The problem will only get worse, you say. That's true. But I'm also armed with the knowledge that we're rebuilding the pump house next spring - a more exotic water system involving larger tanks and possibly harvesting geothermal energy. (Griz is an engineer, he can't stop himself.) So whatever damage the squirrels render is only temporary.

So, you won't poison the squirrels to avoid contaminating the water, you say. Well, what about water contamination by squirrel poop? Hedging: a little organic matter in the water never hurts; obviously one can't control all forms of contamination - like insect parts, dust, and the occasional tiny turd. Our well-water is also treated. The guts of the pump house are a chlorination and filtration system - which would probably also handle warfarin if I decided to use poison if any made it into the water. I admit it - my squirrel diplomacy is all rationalization, based on cuteness.

You'll change your mind when they chew the wiring and the water stops flowing, you say. But no, our well is low-flow artesian and located at the top of our sloping property. We get water even when the power is out (though with less volume - no dishwasher or laundry in power outages).
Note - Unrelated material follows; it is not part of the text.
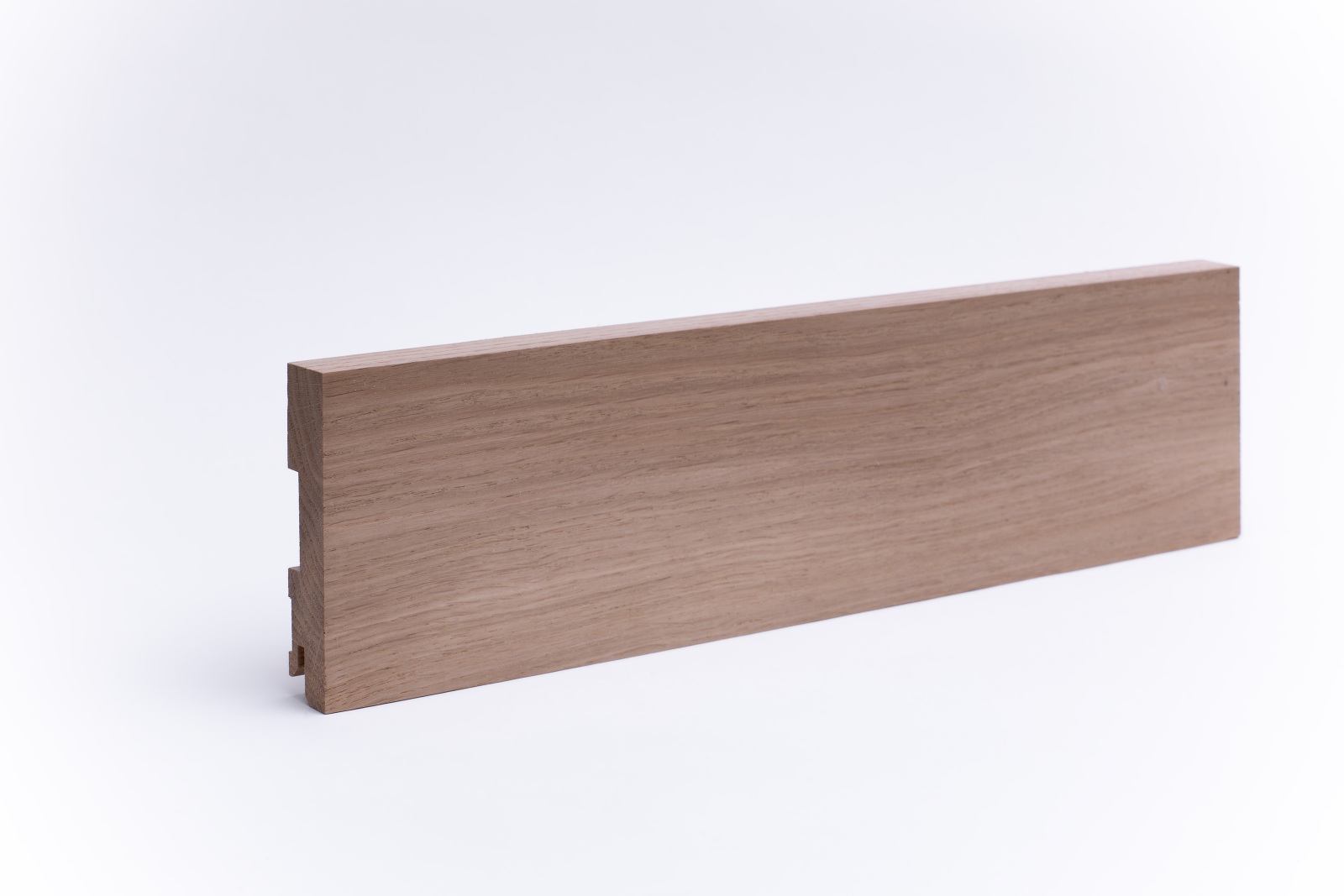 Plinthe de 120 mm de hauteur en bois de chêne massif avec profil carré. Rabotée et poncée. Les plinthes sont fabriquées à partir d'un seul morceau, tel que le tronc a poussé. Cela crée un aspect harmonieux dans la structure du bois et la couleur. Des nuds sont possibles.

But if the wiring gets damaged, you'll have to call an electrician, you say - and that can get expensive. Handily, of the many varieties of engineer - Griz just happens to the electrical type. (I know, I SO take him for granted.)
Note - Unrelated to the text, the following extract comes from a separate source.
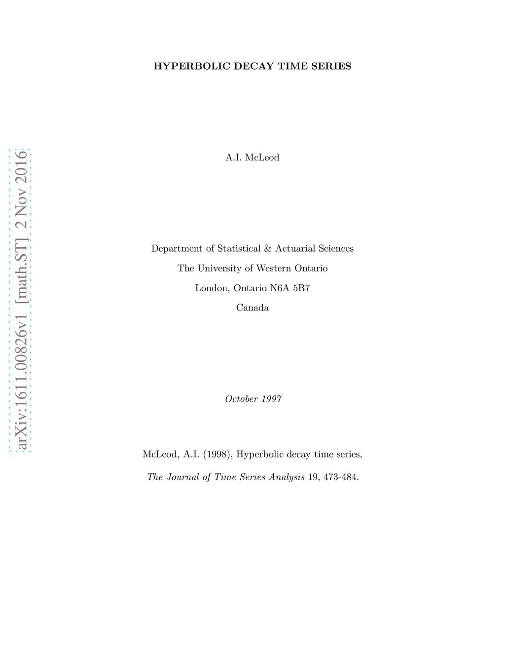 Hyperbolic decay time series such as, fractional Gaussian noise (FGN) or fractional autoregressive moving-average (FARMA) process, each exhibit two distinct types of behaviour: strong persistence or antipersistence. Beran (1994) characterized the family of strongly persistent time series. A more general family of hyperbolic decay time series is introduced and its basic properties are characterized in terms of the autocovariance and spectral density functions. The random shock and inverted form representations are derived. It is shown that every strongly persistent series is the dual of an antipersistent series and vice versa. The asymptotic generalized variance of hyperbolic decay time series with unit innovation variance is shown to be infinite which implies that the variance of the minimum mean-square error one-step linear predictor using the last observations decays slowly to the innovation variance as gets large.

Squirrels are rodents, of course; but by virtue of their "cuteness", most of us don't think of them that way. You know if a family of rats (even mice) was living in the pump house, I'd get rid of them in a flash. IT'S RODENT DISCRIMINATION - and it's based on that classic premise of discrimination - how you look established through cultural precedents based on how your ancestors looked.

I admit it - I'm a mouse/rat bigot. Spiritually, I try to honor ALL life, but when it comes to mice and rats, I'll honor them outside of my house (and out-buildings), thank you. I don't bat an eye when the cats capture a mouse or field vole (aka field mouse); I praise the cats as good hunters, look the other way and let them have their fun and snack. In summer, the cats are also reasonably successful bringing in baby wood rabbits. When the bunnies seem unharmed (other than psychological trauma), I sometimes rescue them. Definitely discrimination - possibly even betrayal from the cats' point of view.

Although the squirrels' arboreal skills make them a rarer variety of prey, Dart sometimes snags an adult squirrel as it traverses the ground from tree to tree. But when the prey is that large (full sized voles, half-grown bunnies, adult squirrels), the cats make a quick kill and don't play around - so there is no option for rescue. Law of the wild - that's what I tell myself. I'm not one of those who promotes making vegans out of cats. Cats are true carnivores, not even omnivores like dogs. Other than attempting to train the cats to keep their prey out of the house (not always successful), I don't mess with their hunts - other than when it's those CUTE little bunnies.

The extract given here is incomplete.